▶ [TASK GOAL] Write out the entries below exactly, starting at the first line and stopping after the line that contains "Dans le cadre"; skip all pictures.

[Records from a data source]
|---|
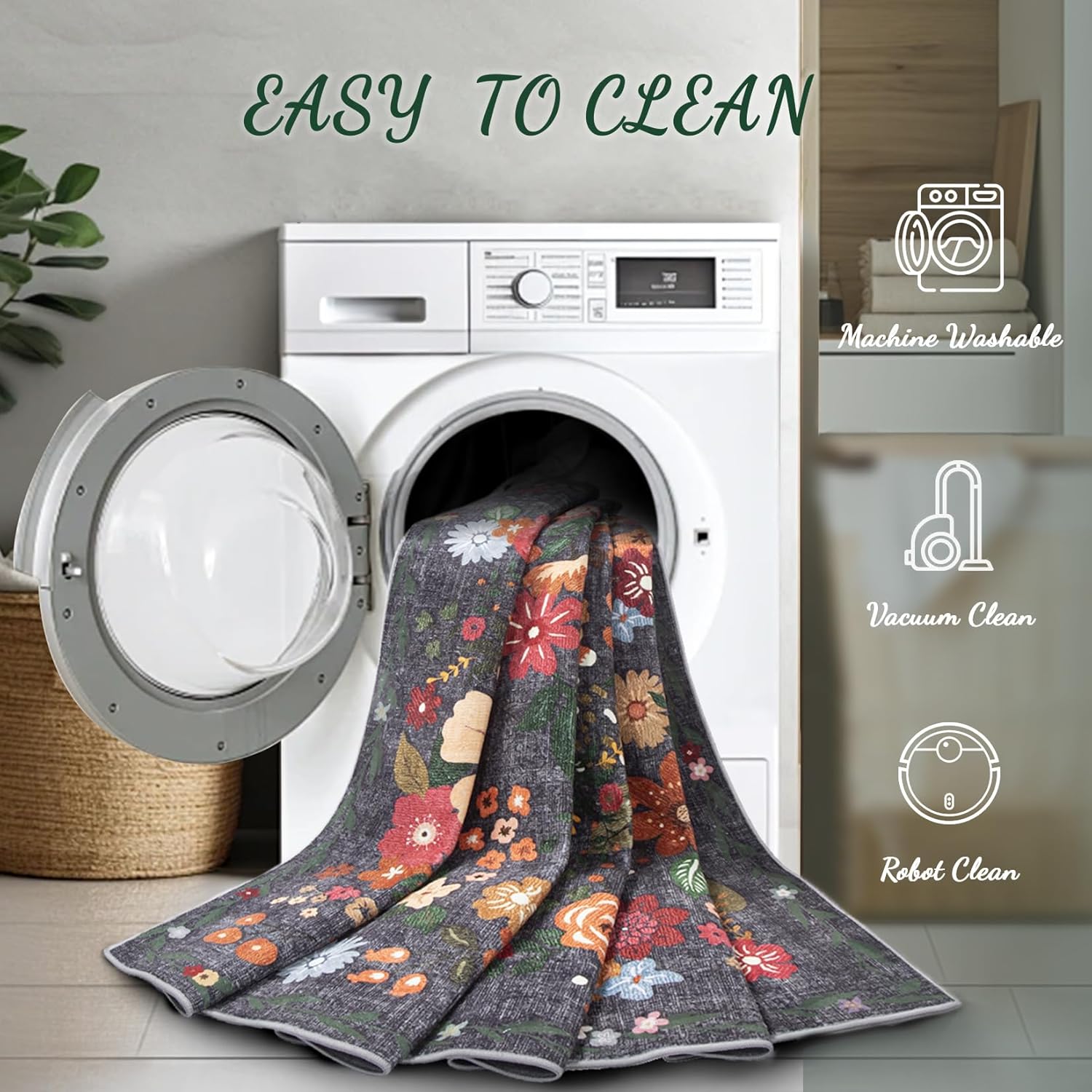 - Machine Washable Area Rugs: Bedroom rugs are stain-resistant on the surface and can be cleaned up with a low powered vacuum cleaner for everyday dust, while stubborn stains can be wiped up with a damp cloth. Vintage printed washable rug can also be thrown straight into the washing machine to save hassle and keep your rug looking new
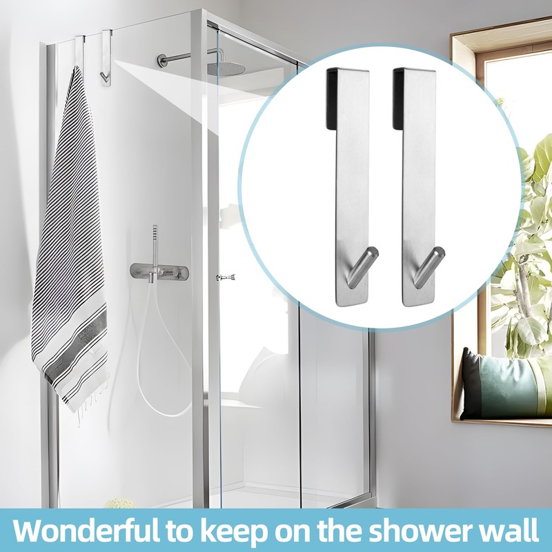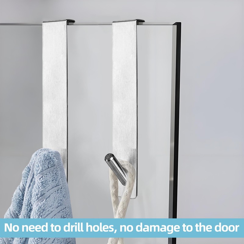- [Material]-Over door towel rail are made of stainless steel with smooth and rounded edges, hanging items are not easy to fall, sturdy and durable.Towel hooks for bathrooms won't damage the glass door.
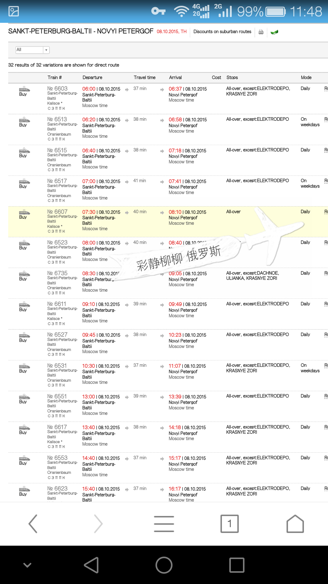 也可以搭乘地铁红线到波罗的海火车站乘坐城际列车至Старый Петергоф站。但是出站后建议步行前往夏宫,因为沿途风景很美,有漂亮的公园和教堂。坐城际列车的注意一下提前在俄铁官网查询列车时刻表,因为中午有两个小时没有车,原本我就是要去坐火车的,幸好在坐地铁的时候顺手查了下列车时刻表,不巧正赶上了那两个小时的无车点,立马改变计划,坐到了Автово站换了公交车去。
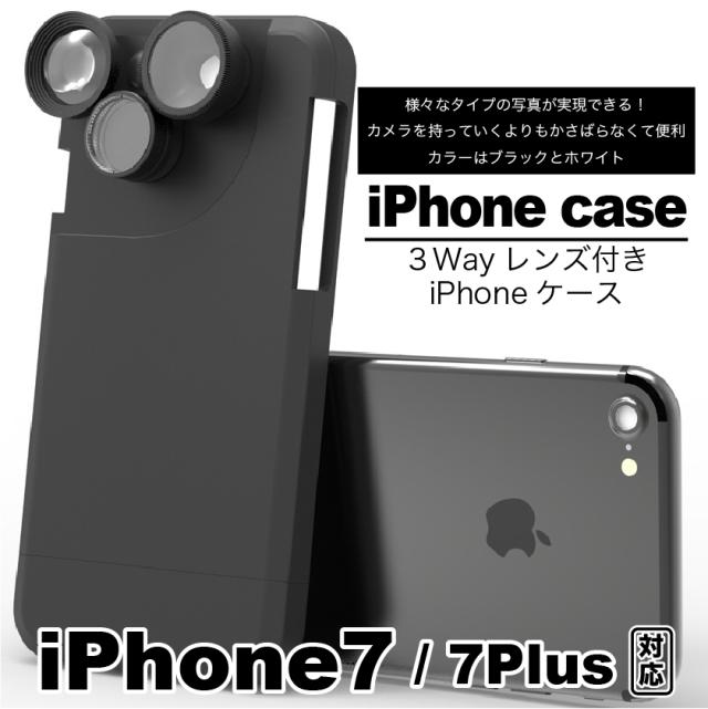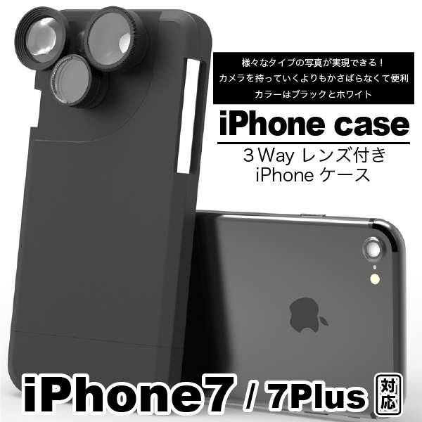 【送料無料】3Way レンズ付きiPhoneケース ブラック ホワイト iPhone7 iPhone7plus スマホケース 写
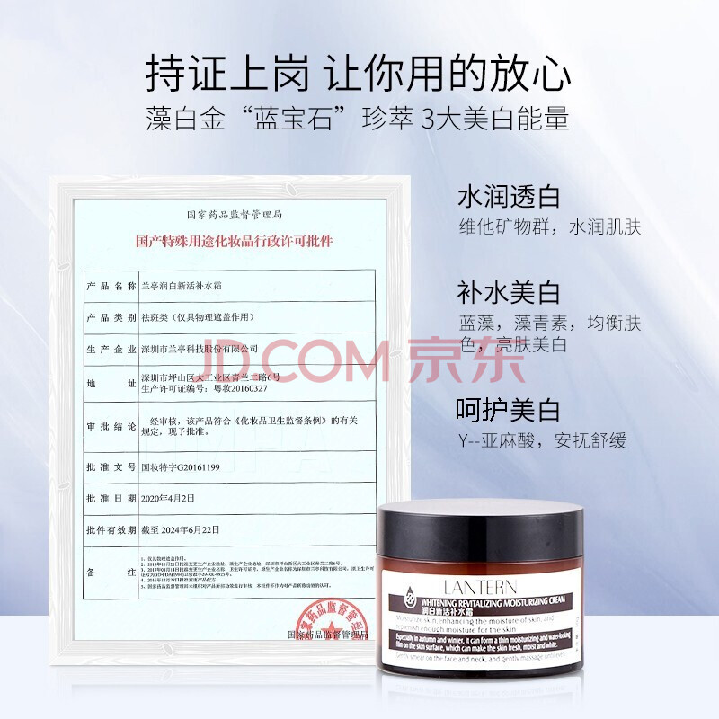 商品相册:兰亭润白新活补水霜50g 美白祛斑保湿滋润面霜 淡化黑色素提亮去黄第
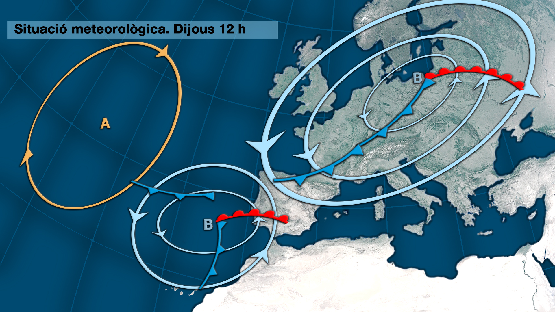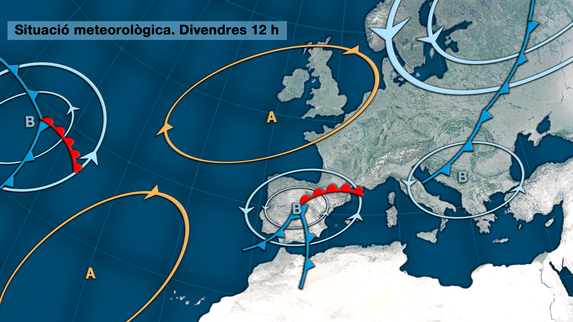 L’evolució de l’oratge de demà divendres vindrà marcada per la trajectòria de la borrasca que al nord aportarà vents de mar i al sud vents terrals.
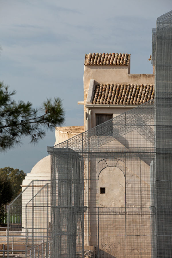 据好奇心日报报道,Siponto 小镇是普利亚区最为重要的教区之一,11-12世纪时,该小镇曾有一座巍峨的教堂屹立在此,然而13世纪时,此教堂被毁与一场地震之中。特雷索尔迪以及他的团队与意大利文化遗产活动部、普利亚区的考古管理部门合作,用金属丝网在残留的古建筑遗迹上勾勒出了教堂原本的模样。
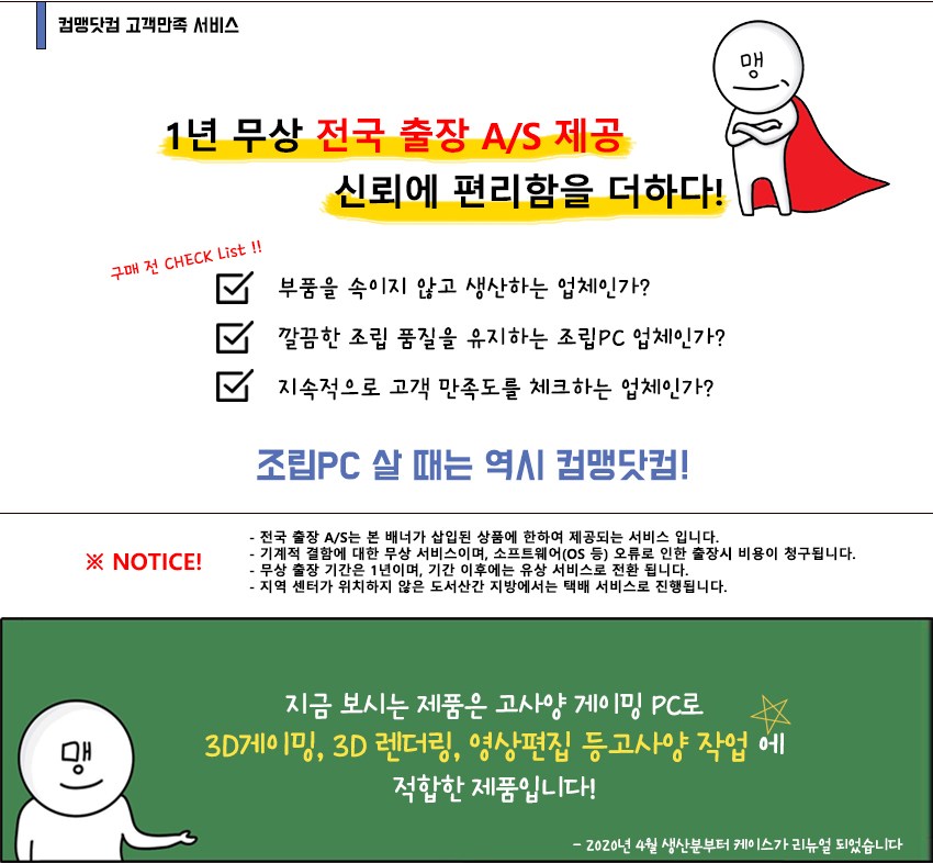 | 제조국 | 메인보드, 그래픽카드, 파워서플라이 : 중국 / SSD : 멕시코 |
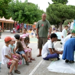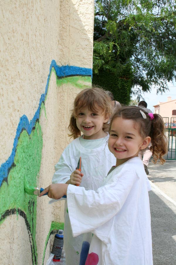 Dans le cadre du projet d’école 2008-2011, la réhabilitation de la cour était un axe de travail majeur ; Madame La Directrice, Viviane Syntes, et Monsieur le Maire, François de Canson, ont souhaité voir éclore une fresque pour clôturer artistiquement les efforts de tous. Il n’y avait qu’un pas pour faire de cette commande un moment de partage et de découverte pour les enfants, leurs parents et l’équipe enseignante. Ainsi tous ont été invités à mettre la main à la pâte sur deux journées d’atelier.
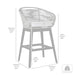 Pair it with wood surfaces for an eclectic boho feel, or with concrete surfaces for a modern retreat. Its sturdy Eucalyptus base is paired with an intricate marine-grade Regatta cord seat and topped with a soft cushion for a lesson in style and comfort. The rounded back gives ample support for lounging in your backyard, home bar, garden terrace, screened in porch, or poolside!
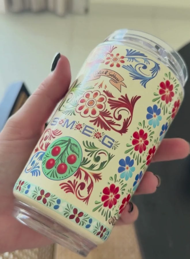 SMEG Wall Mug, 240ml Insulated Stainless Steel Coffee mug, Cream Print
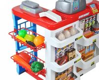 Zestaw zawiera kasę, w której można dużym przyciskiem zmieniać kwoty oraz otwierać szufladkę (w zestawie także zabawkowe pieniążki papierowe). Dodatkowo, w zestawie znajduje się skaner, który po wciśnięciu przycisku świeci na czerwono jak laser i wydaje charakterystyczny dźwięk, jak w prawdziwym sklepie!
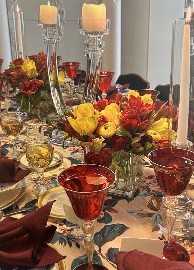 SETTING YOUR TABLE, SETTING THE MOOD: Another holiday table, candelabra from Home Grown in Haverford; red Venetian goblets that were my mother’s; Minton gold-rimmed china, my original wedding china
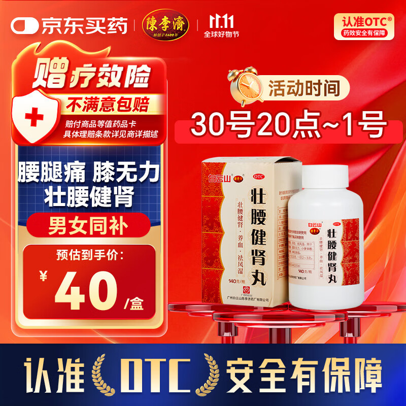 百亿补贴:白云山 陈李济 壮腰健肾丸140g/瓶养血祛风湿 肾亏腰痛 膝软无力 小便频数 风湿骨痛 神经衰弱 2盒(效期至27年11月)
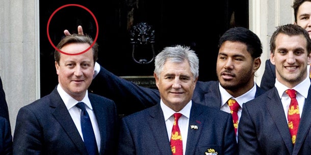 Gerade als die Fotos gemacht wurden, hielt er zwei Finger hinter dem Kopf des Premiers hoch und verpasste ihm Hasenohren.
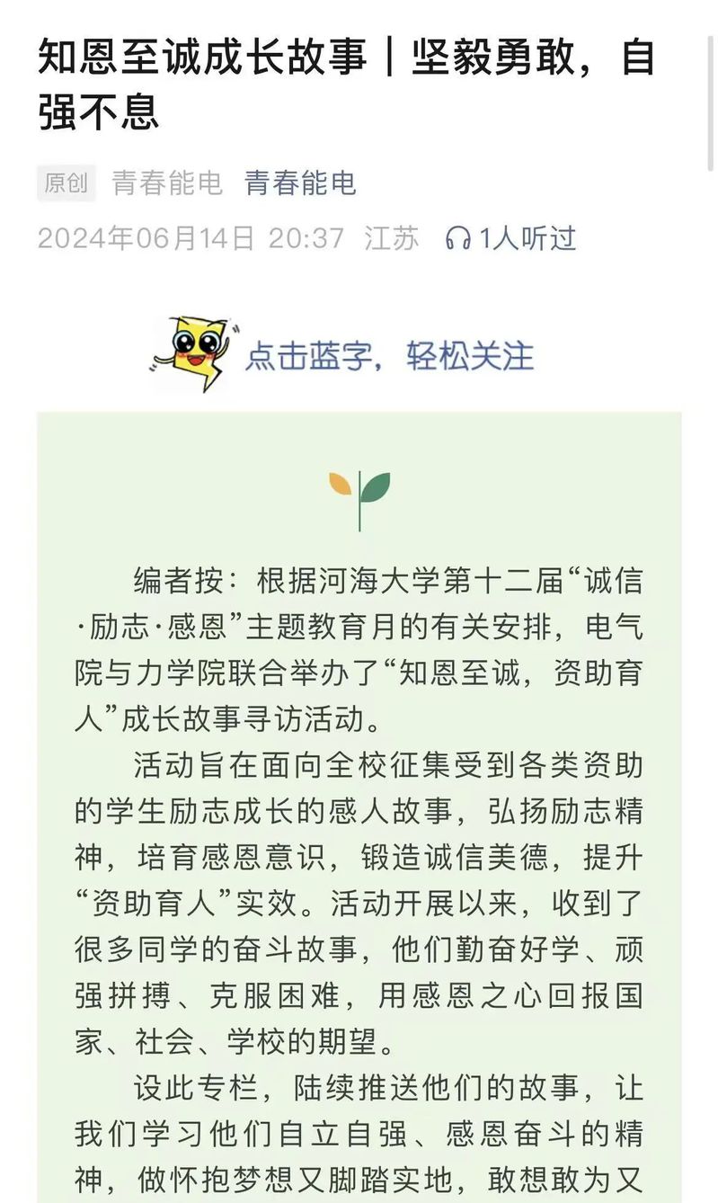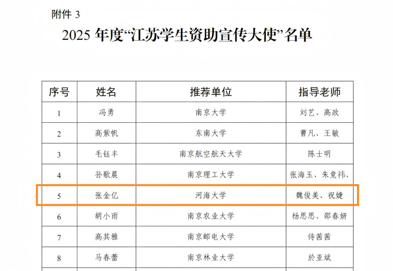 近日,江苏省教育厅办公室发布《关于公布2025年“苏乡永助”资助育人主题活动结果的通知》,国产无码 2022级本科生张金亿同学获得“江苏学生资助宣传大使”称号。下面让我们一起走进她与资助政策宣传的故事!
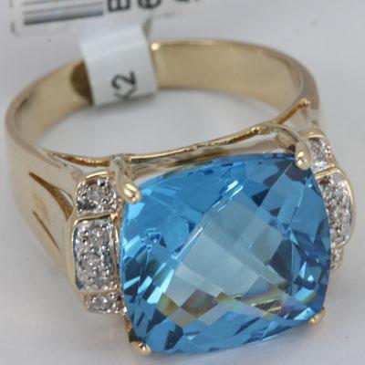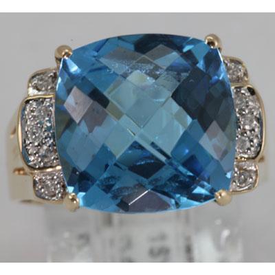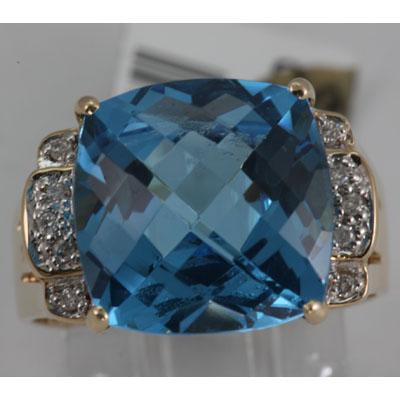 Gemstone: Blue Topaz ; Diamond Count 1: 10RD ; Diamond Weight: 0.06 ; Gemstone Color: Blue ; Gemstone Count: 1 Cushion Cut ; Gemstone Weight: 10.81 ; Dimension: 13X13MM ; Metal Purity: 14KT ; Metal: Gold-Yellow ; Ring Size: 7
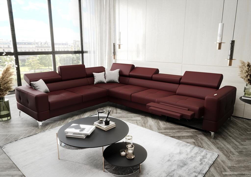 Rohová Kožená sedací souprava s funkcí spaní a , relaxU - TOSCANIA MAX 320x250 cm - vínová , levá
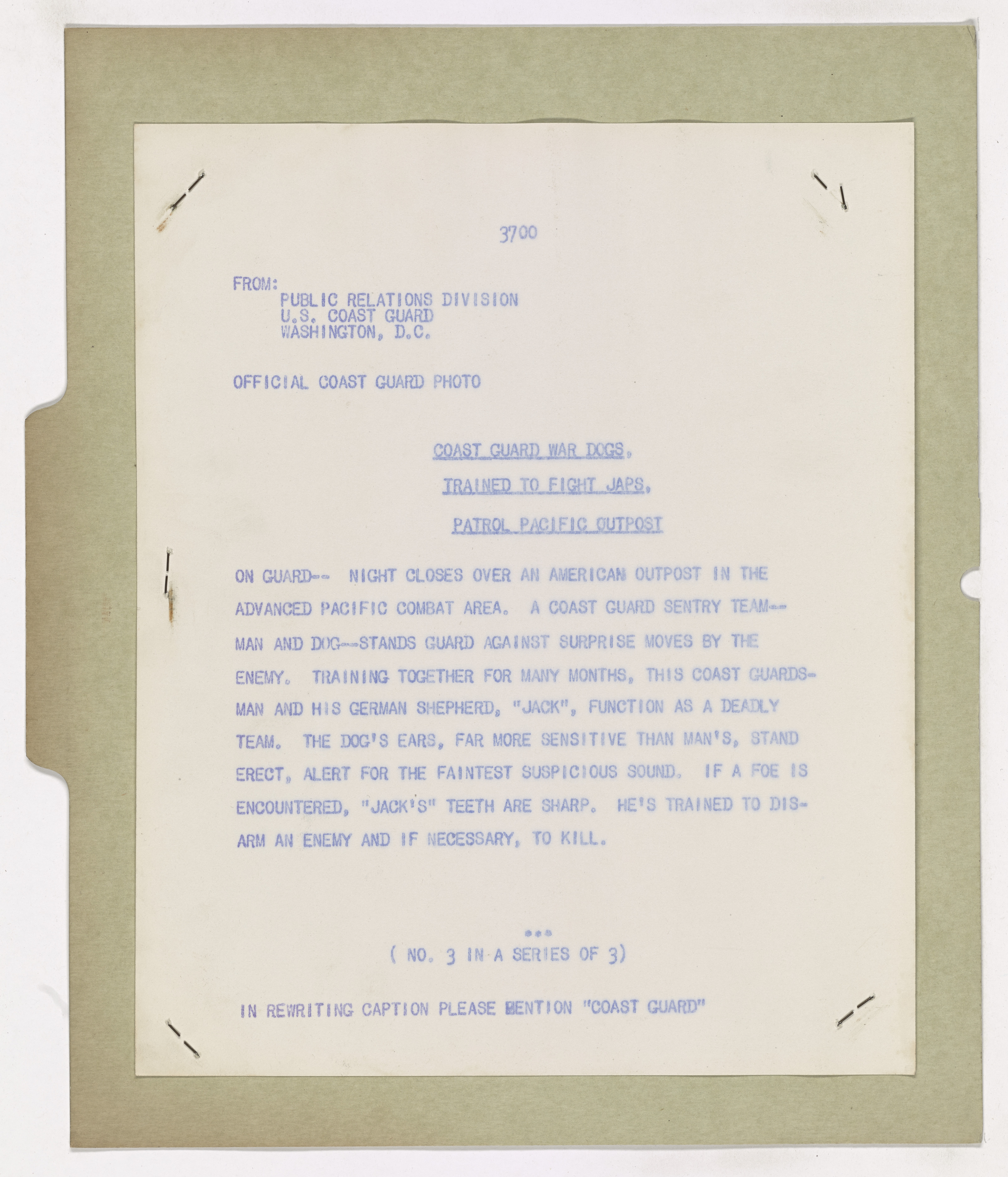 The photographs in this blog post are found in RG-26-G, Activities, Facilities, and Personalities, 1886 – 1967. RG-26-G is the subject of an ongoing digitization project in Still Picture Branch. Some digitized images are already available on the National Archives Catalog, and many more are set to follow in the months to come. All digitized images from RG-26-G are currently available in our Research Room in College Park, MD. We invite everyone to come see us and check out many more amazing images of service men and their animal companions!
|---|
▶ [COMPLETED EXERCISE]
 - Machine Washable Area Rugs: Bedroom rugs are stain-resistant on the surface and can be cleaned up with a low powered vacuum cleaner for everyday dust, while stubborn stains can be wiped up with a damp cloth. Vintage printed washable rug can also be thrown straight into the washing machine to save hassle and keep your rug looking new
- [Material]-Over door towel rail are made of stainless steel with smooth and rounded edges, hanging items are not easy to fall, sturdy and durable.Towel hooks for bathrooms won't damage the glass door.
 也可以搭乘地铁红线到波罗的海火车站乘坐城际列车至Старый Петергоф站。但是出站后建议步行前往夏宫,因为沿途风景很美,有漂亮的公园和教堂。坐城际列车的注意一下提前在俄铁官网查询列车时刻表,因为中午有两个小时没有车,原本我就是要去坐火车的,幸好在坐地铁的时候顺手查了下列车时刻表,不巧正赶上了那两个小时的无车点,立马改变计划,坐到了Автово站换了公交车去。
 【送料無料】3Way レンズ付きiPhoneケース ブラック ホワイト iPhone7 iPhone7plus スマホケース 写
 商品相册:兰亭润白新活补水霜50g 美白祛斑保湿滋润面霜 淡化黑色素提亮去黄第
 L’evolució de l’oratge de demà divendres vindrà marcada per la trajectòria de la borrasca que al nord aportarà vents de mar i al sud vents terrals.
 据好奇心日报报道,Siponto 小镇是普利亚区最为重要的教区之一,11-12世纪时,该小镇曾有一座巍峨的教堂屹立在此,然而13世纪时,此教堂被毁与一场地震之中。特雷索尔迪以及他的团队与意大利文化遗产活动部、普利亚区的考古管理部门合作,用金属丝网在残留的古建筑遗迹上勾勒出了教堂原本的模样。
 | 제조국 | 메인보드, 그래픽카드, 파워서플라이 : 중국 / SSD : 멕시코 |
 Dans le cadre du projet d’école 2008-2011, la réhabilitation de la cour était un axe de travail majeur ; Madame La Directrice, Viviane Syntes, et Monsieur le Maire, François de Canson, ont souhaité voir éclore une fresque pour clôturer artistiquement les efforts de tous. Il n’y avait qu’un pas pour faire de cette commande un moment de partage et de découverte pour les enfants, leurs parents et l’équipe enseignante. Ainsi tous ont été invités à mettre la main à la pâte sur deux journées d’atelier.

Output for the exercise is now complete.